I'm sorry your experience with antidepressants didn't work out well, but it's possible you were using a crude older drug; earlier, you made reference to some benzodiazepene I'd never heard of and had to look up to make sure it was a benzo. Seems to have been one of the older ones from the Seventies. Anyway, plenty of people function quite well on antidepressants, and as a general rule later drugs have a more refined action than older ones--like the way Zyrtec doesn't have the powerful sedative effects of Benadryl.
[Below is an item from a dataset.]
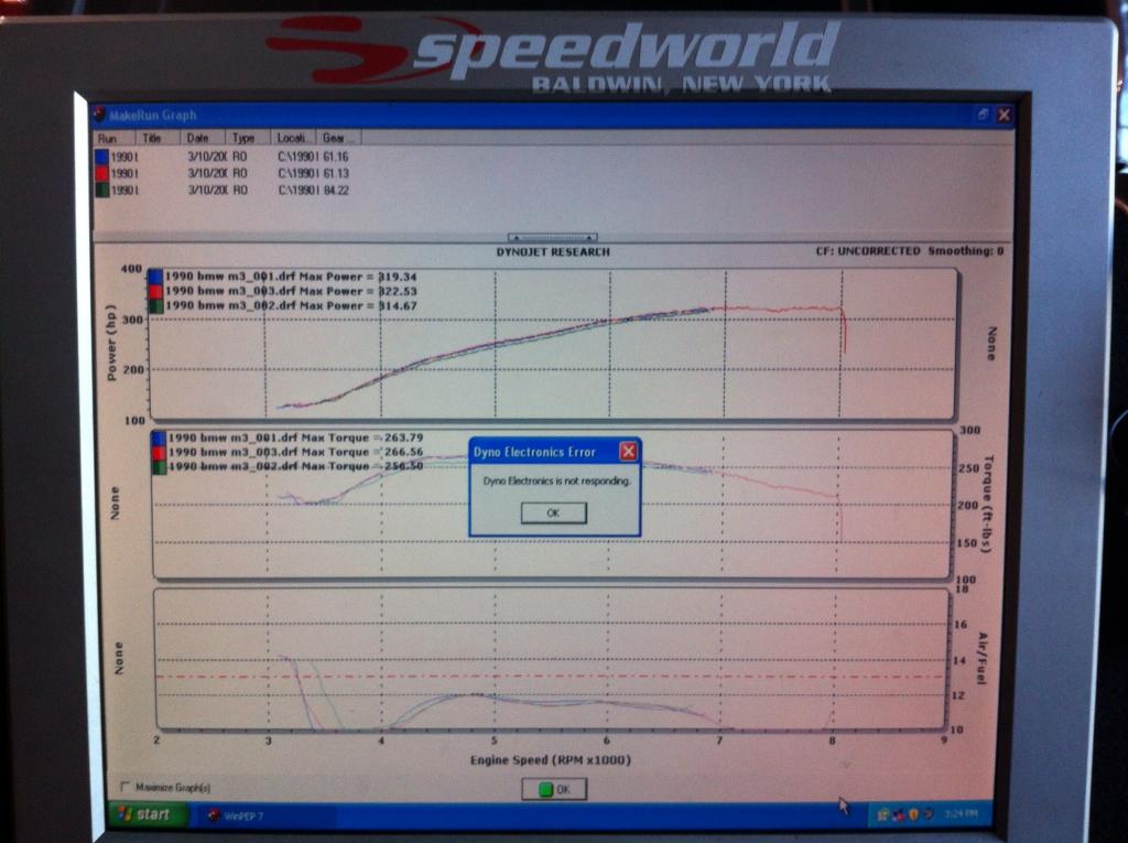 i saw that it went crazy rich after 6500, the tune is a mild street tune, the intake setup is basically stock except for the bimmerworld elbow, i have a csl oem intake that i'm going to try next before i do any changes to the tune, we did 2 pull to 7k, then a 3rd to 8k in 4th gear the power was still strong at 8200, i love the torque very linear from 4k, gonna do some 9k pulls with the csl intake i wanna c where this thing stops, then after that do a race tune, before i put the 3.4 insigpicComment

Prohibition wound up being repealed, but it didn't come out of nowhere. It is HARD to get a constitutional amendment passed, but we got the majority of America's states to agree to ban liquor. That happened for a reason. Prior to prohibition, America's drinking culture was really quite horrifying, the kind we associate with Russia today. The attendant social problems were out of control; fathers drinking their paychecks and letting their kids go hungry was no joke, straight-up, a thing that happened with some frequency. Banning it, as we all know, caused different problems, but it did have the salutary effect of dramatically reducing our alcohol consumption for a while, and when prohibition ended our drinking did not go back up to previous levels. Nowadays we have opiates instead, but Prohibition is probably the reason why we're less alkie than, say, the Brits.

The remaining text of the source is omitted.